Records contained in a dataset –
# # # #

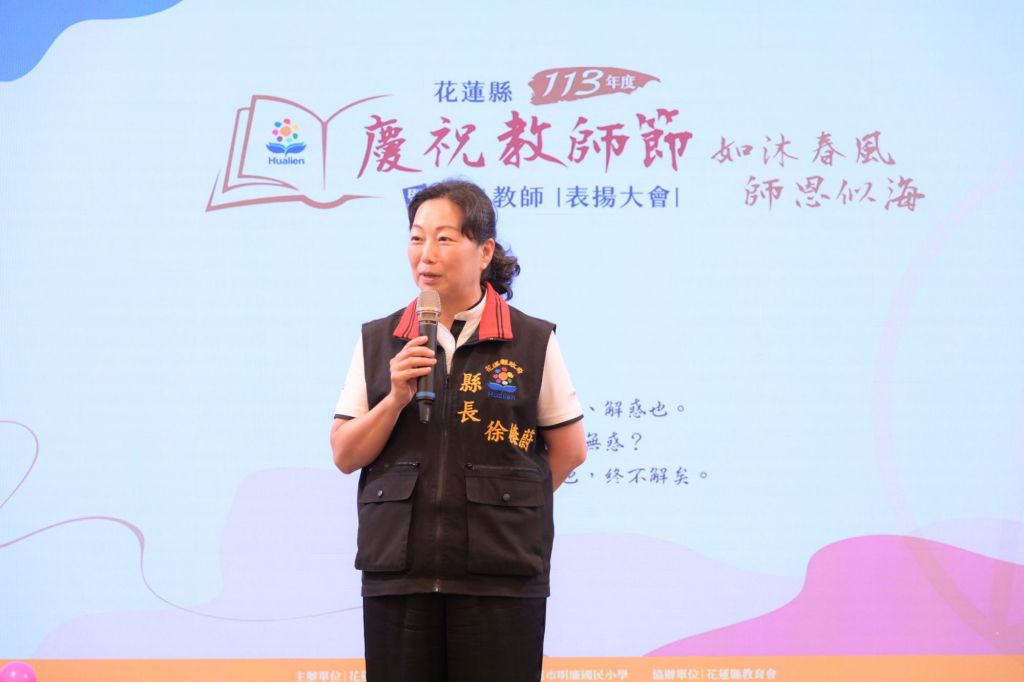 縣長徐榛蔚首先深深一鞠躬,向所有辛勤耕耘在教育第一線的老師們致以最誠摯的敬意和感謝。她以《禮記.禮運》「大道之行也,天下為公。選賢與能,講信修睦。」為例表示,內文雖未有教育的字眼,但皆與教育相關,因為學校教育讓孩子學習長大之後成為台灣有用的人,而教育是人才培育的搖籃,教師是孩子學習的推手,感謝老師們辛苦的付出;即使面對教學型態的轉變,教育的本質仍應回歸以學生為中心,她鼓勵教師們讓孩子們多嘗試新事物,大膽試錯並發揮創造性思維,以不放棄尋求答案的精神,拓展多元開放的學習旅程。
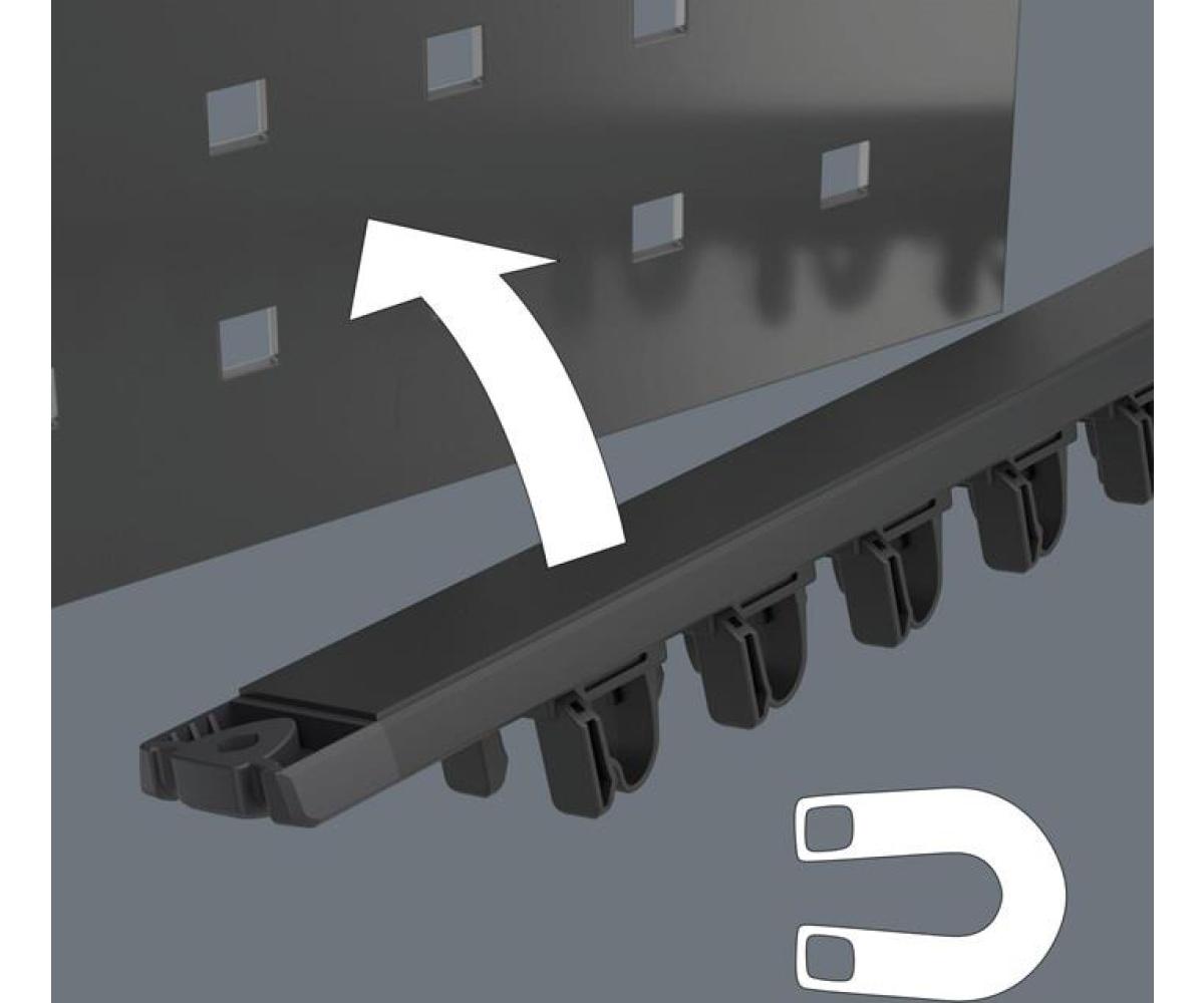 unbestückt · für bis zu 9 Kraftform Schraubendreher · die Klemmen der Leiste sorgen für perfekten Halt und leichte Entnahme der Werkzeuge · Leiste hält durch starken Magnet sicher an Metallflächen, alternativ kann die Leiste auch an eine Wand geschraubt werden
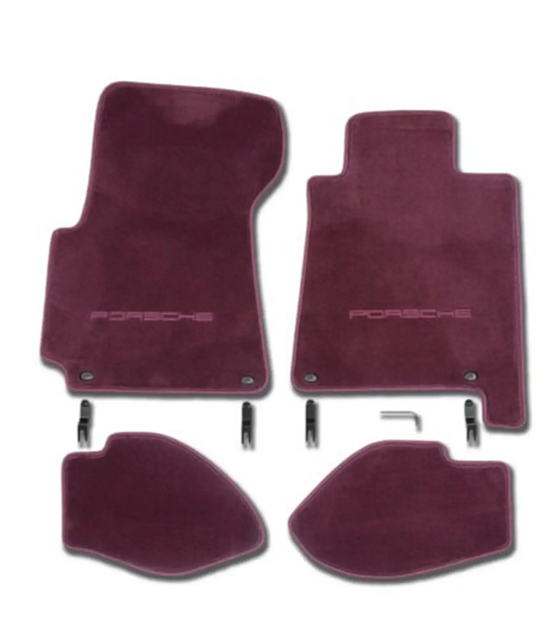 Set of four floor mats in Magenta for right-hand-drive vehicles, including fastening materials; suitable for Porsche 928 S4/GT and GTS from years of construction 1987 to 1995.
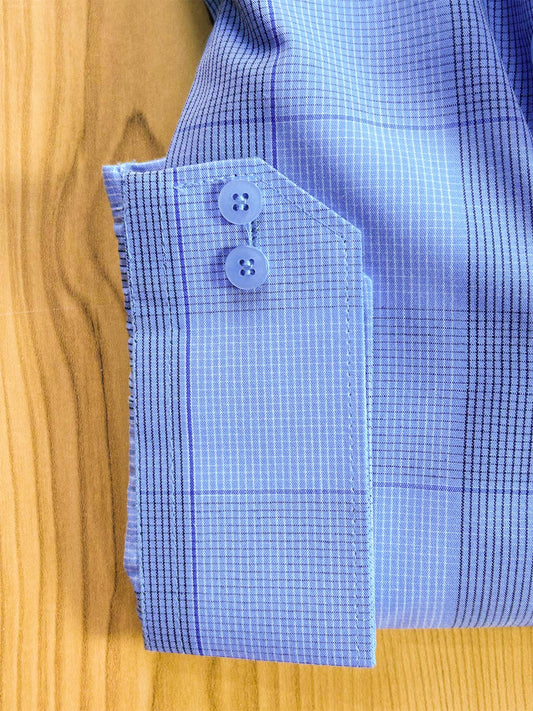 Sky Blue Checks Formal Dress Shirt For Men MFS394
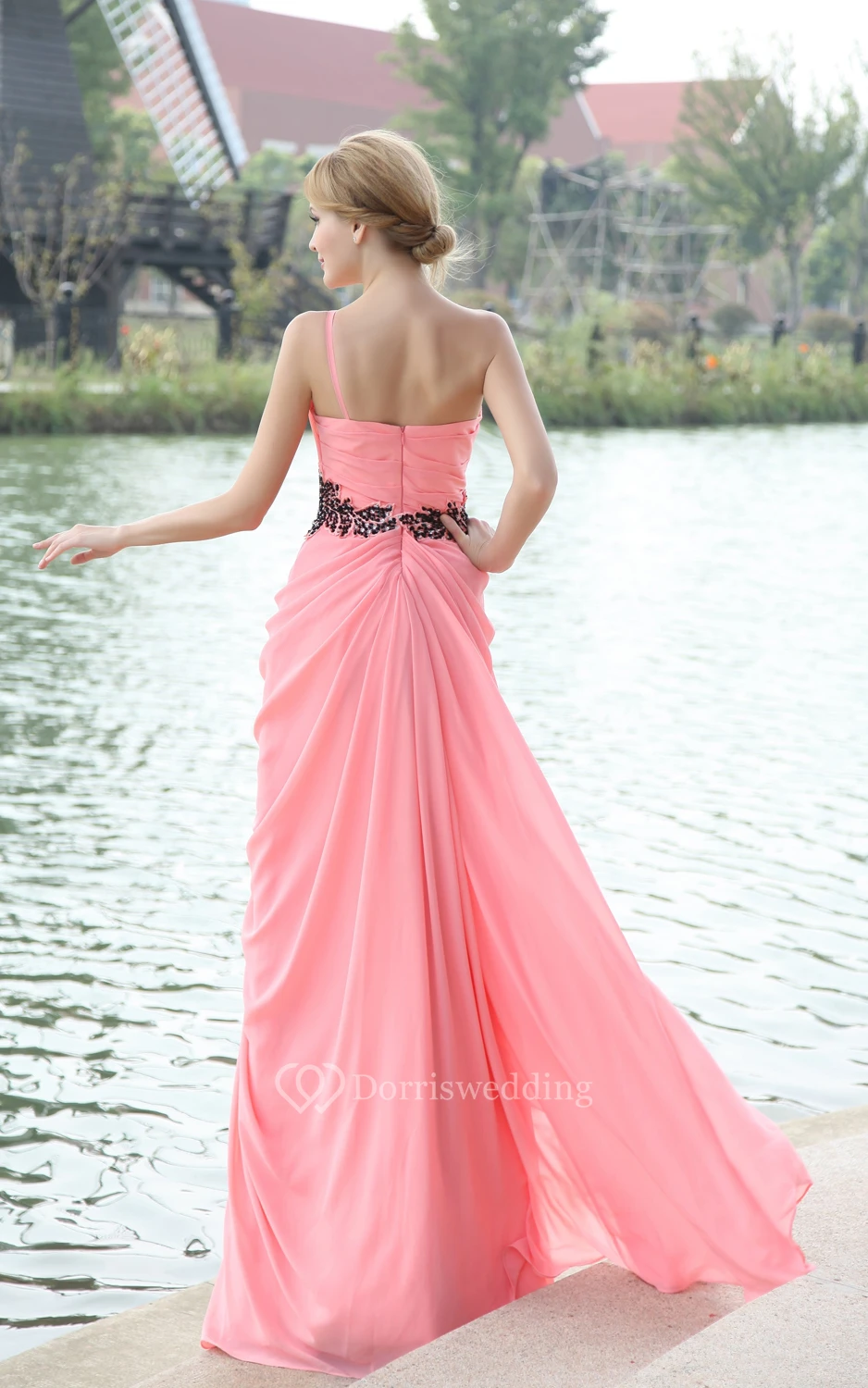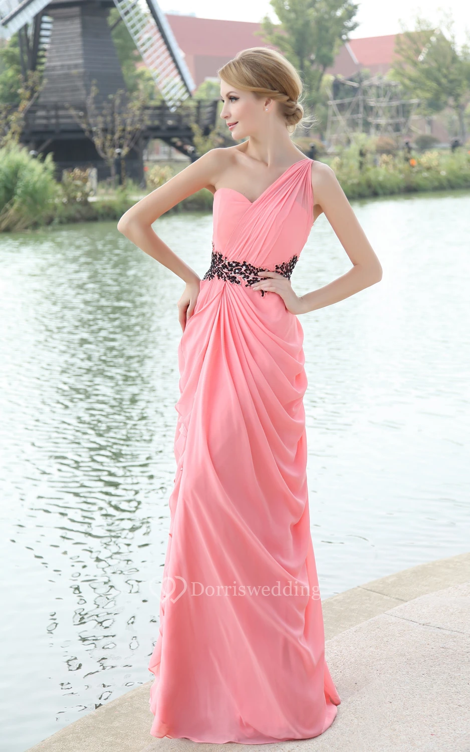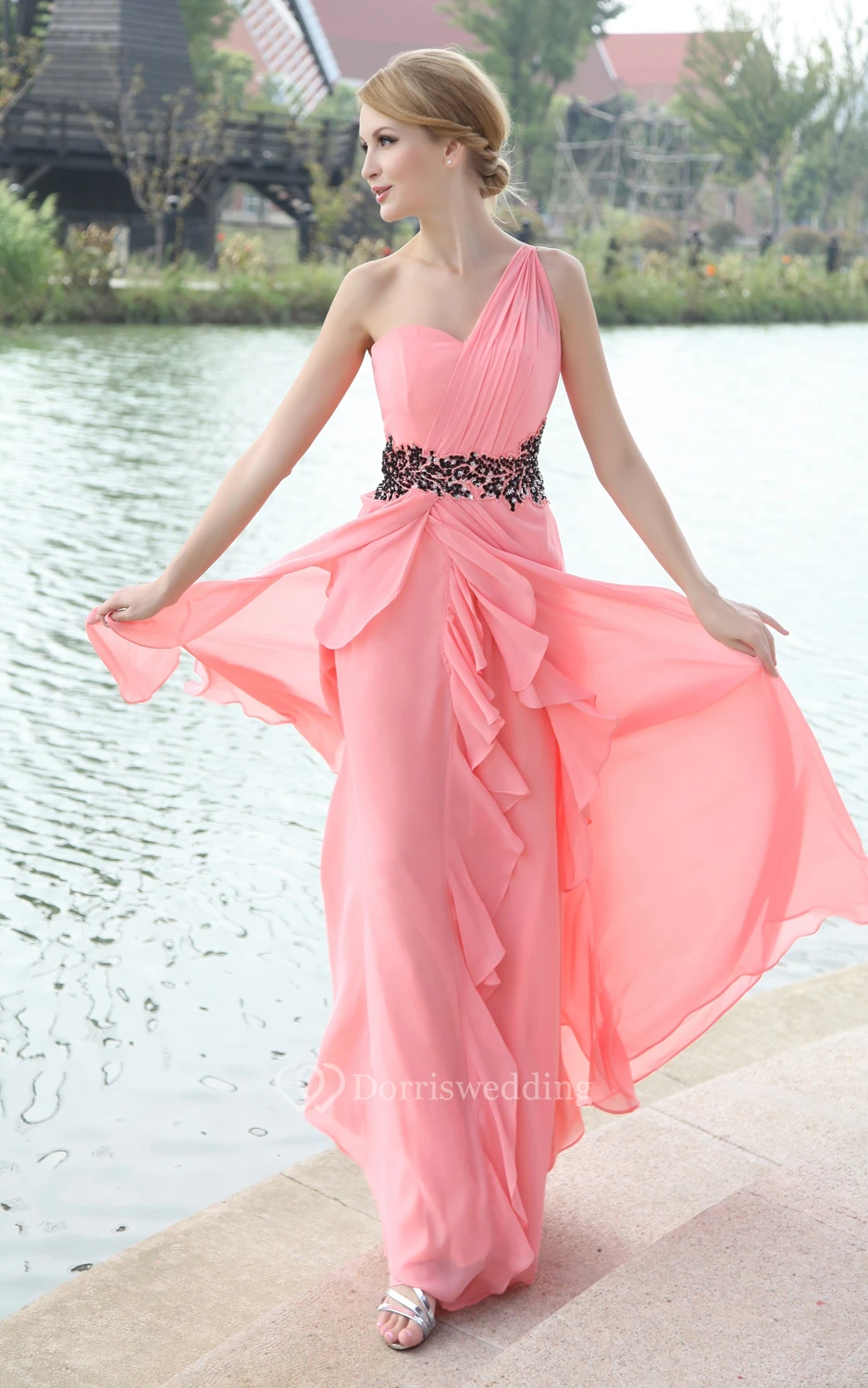 One-Shoulder Chiffon Dress With Pleating and Beaded Waistband

# # # #

Exercise details – Write out every line above exactly, minus images.

Completed task –
 縣長徐榛蔚首先深深一鞠躬,向所有辛勤耕耘在教育第一線的老師們致以最誠摯的敬意和感謝。她以《禮記.禮運》「大道之行也,天下為公。選賢與能,講信修睦。」為例表示,內文雖未有教育的字眼,但皆與教育相關,因為學校教育讓孩子學習長大之後成為台灣有用的人,而教育是人才培育的搖籃,教師是孩子學習的推手,感謝老師們辛苦的付出;即使面對教學型態的轉變,教育的本質仍應回歸以學生為中心,她鼓勵教師們讓孩子們多嘗試新事物,大膽試錯並發揮創造性思維,以不放棄尋求答案的精神,拓展多元開放的學習旅程。
 unbestückt · für bis zu 9 Kraftform Schraubendreher · die Klemmen der Leiste sorgen für perfekten Halt und leichte Entnahme der Werkzeuge · Leiste hält durch starken Magnet sicher an Metallflächen, alternativ kann die Leiste auch an eine Wand geschraubt werden
 Set of four floor mats in Magenta for right-hand-drive vehicles, including fastening materials; suitable for Porsche 928 S4/GT and GTS from years of construction 1987 to 1995.
 Sky Blue Checks Formal Dress Shirt For Men MFS394
 One-Shoulder Chiffon Dress With Pleating and Beaded Waistband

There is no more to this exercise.